## Introduction to Gradient Descent

In this notebook, we will go through a most basic machine learning algorithm which is linear regression and implement the gradient descent to find out the local minimum for regression model.

Here we'll create a model that predicts crop yield for apple in given dummy dataset which is consist of three feature columns and one target column. Dataset is here:

![dataset-2.png](attachment:dataset-2.png)

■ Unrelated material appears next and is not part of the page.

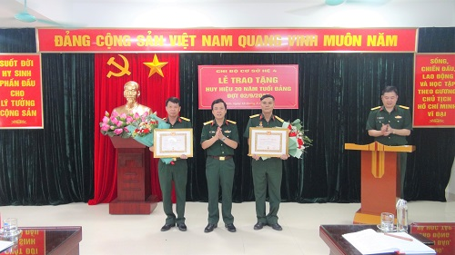 Tại buổi Lễ, Đại tá Nguyễn Quang Huy – Phó Bí thư Chi bộ đã công bố Quyết định trao tặng Huy hiệu 30 năm tuổi Đảng. Thay mặt Đảng ủy, Ban Giám đốc Học viện, Đại tá Trần Văn Duy đã trao và gắn Huy hiệu 30 năm tuổi Đảng cho đồng chí Bùi Khắc Lĩnh và Hoàng Đức Hùng; đồng thời ghi nhận sự đóng góp, cống hiến to lớn của 02 đồng chí đối với sự nghiệp cách mạng của Đảng và Quân đội. Đồng chí Phó Chính ủy Học viện biểu dương tinh thần phấn đấu không ngừng, dù ở bất kỳ vị trí công tác nào hai đảng viên cũng hoàn thành xuất sắc nhiệm vụ được giao.
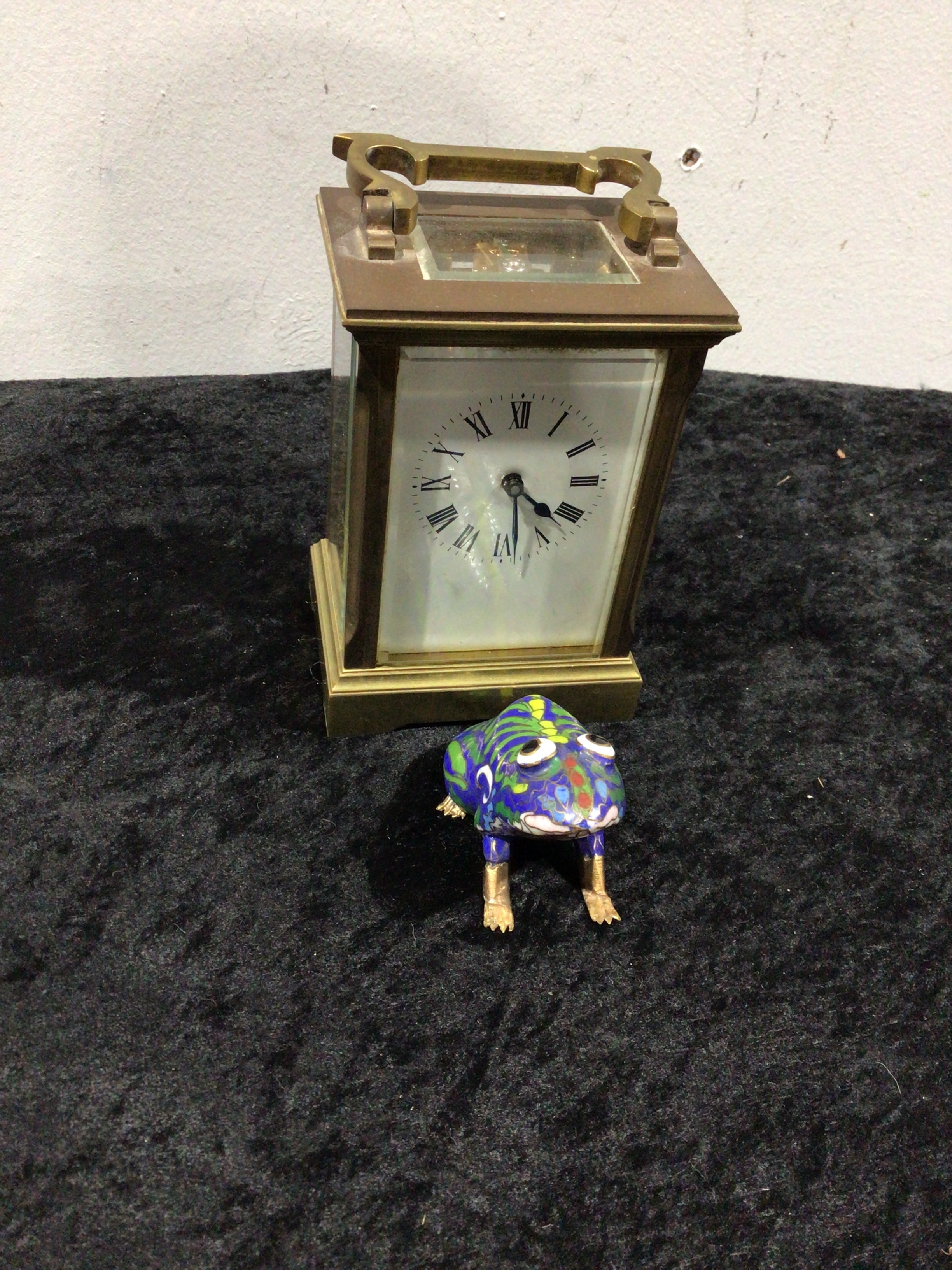 A brass carriage clock with a white face and black Roman numerals, and a cloisonné frog figurine primarily in blue, green, and yellow with gold-tone legs.

In linear regression model, each target value is calculated as weighted sum of input variables (*feature matrix*) with additional constant called biases. So the given equation would be:

    predicted_yield = Temp * w1 + Rainfall * w2 + Humidity * w3 + b1


### Import Standard Libraries

In [1]:
import numpy as np
import pandas as pd

### Import Dummy Dataset

In [2]:
dataset = pd.read_csv('yield.csv')

In [3]:
dataset

Unnamed: 0,Temp.(F),Rainfall(mm),Humidity(%),Apple(ton)
0,67,70,45,70
1,87,131,55,128
2,91,88,64,101
3,102,49,32,37
4,69,87,76,114
5,71,78,64,100
6,87,79,87,97


### Spliting Feature and Target Columns

In [4]:
X = dataset.iloc[:, :-1].values
y = dataset.iloc[:, -1].values

In [5]:
X, y

(array([[ 67,  70,  45],
        [ 87, 131,  55],
        [ 91,  88,  64],
        [102,  49,  32],
        [ 69,  87,  76],
        [ 71,  78,  64],
        [ 87,  79,  87]]),
 array([ 70, 128, 101,  37, 114, 100,  97]))

### Gradient Descent

Gradient Descent is a first-order optimization techniques that find value in each iteration for *w[]* and *b* such that the predicted values gets closer to the target value. With each iteration (*epoch*) the step towards finding suitable value for *w[]* and *b* get decreased which is described in the following digram:
![Gradient_descent.svg-5.png](attachment:Gradient_descent.svg-5.png)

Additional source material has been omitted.